After Jones and Tommy Rees gave the Fighting Irish (6-0) a seven-point lead in OT, Stanford (4-2) drove to a first-and-goal at the 4.
Stepfan Taylor ran for 1 on first, 2 on second and inches on third down. That left one play from inside the 1 and the Notre Dame defense, led by Carlos Calabrese, stood up Taylor and pushed him back.
Taylor kept reaching and turning, and ended up reaching the ball across the goal line, but the officials ruled it was too late. The play had been stopped.
The celebration had to wait for a replay review.

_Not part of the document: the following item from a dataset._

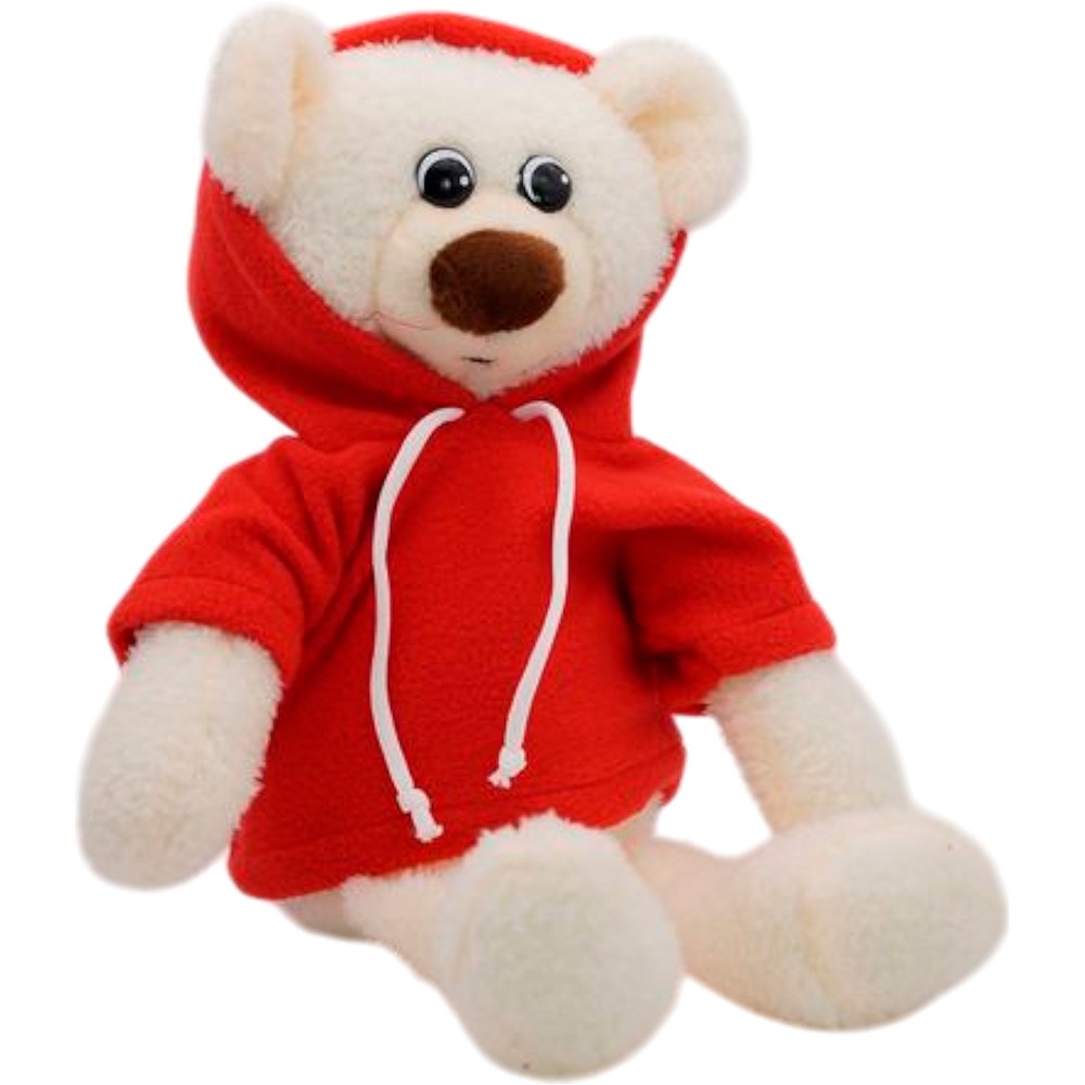 Медведжонок Ермак белый шар. для мел. моторики в красной толстовке флис 21/30 см, 09678W21-36

It was close, but the call stood. The fans completed storming the field, and the national title hopes in South Bend remained alive.

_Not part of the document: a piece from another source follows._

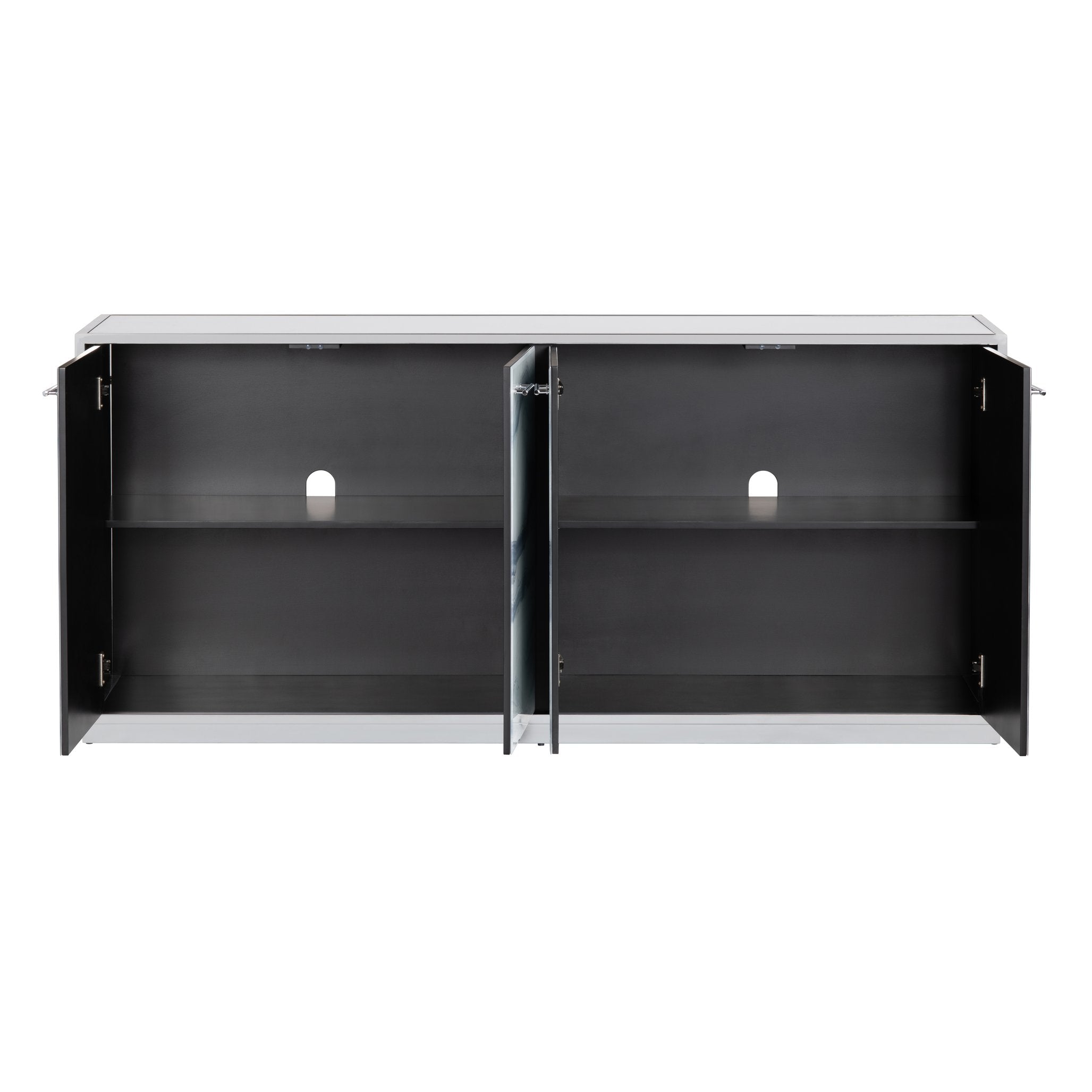- This four-door media credenza features a fluid, wave-like pattern on the doors for a modern and artistic touch

"Our defense is incredible," Irish coach Brian Kelly said.
Rees relieved Everett Golson after the sophomore took a helmet to the head during Notre Dame's game-tying field goal drive late in the fourth.
In the overtime, Rees lofted a 16-yard pass to Theo Riddick to convert a third-and-8 to the 7. On the next play, he threw behind Jones on a slant and the receiver reached back for a sliding two-handed catch and a 20-13 lead.
Then the Fighting Irish defense, which has now not given up a touchdown in four straight games, made it stand. Almost half the field was covered with Notre Dame fans, as rain poured down during the postgame celebration. They didn't seem to mind.
Toss another victory into Notre Dame lore.
Jordan Williamson's 27-yard field goal with 6:12 put the Cardinal up 13-10, and the Fighting Irish drove into Cardinal territory when Golson took a helmet hit from Usua Amanam that was flagged for 15 yards.
Golson came out looking shaken up and Rees came in. He completed an 11-yard pass to Tyler Eifert, and then on third-and-4 from the 28 Eifert drew a pass interference call on Terrence Brown that gave the Irish a first down at the 13.
The Irish couldn't punch it in and Kyle Brindza kicked a 22-yard field goal with 20 seconds left to tie it at 13.
Two of the nation's best defenses figured to dictate the game on a gray rainy day in South Bend, and they didn't disappoint.
Notre Dame defensive tackle Stephon Tuitt was in the Stanford backfield all day and Manti Te'o was all over Stanford ballcarriers.
On the other side, Shayne Skov and Ben Gardner gave Golson and the Irish very little room to operate.
Golson alternated between scary and spectacular all day, completing 12 of 24 for 141 yards and a touchdown. He also lost two key fumbles _ one that gave Stanford a touchdown and the other that gave the Cardinal the ball back after he made a long run deep into Stanford territory.
Josh Nunes had a similar day for Stanford, going 12 for 25 for 125 yards with two interceptions
The Irish got their offense going in the third quarter, outgaining Stanford 114-19, but couldn't get any points, in part because Golson fumbled inside the Cardinal 20.
Notre Dame finally found the end zone on the first play of the fourth quarter. On a third-and-18 from the 24, Golson lofted a pass to the front corner of the end zone that the 6-foot-6 Eifert came down with a for a touchdown and a 10-10 tie.
Nunes, Taylor and the Cardinal responded with their best drive of the game, a methodical 16-play, 65-yard march that took 8:03 off the clock and reached the Notre Dame 3. The Irish got a stop on third down Williamson's 27-yard field goal made it 13-10 with 6:12 left.
The third season under a coach has traditionally been a memorable one at Notre Dame. Frank Leahy, Ara Parseghian, Dan Devine and Lou Holtz all won national titles in Year 3 of coaching the Irish.
Brian Kelly's third season in South Bend was already starting to feel as if it could be special, too. Against Stanford, the Irish raised the stakes even higher.
"Six weeks left with this group, they leave here knowing they can win with the plan," Kelly said.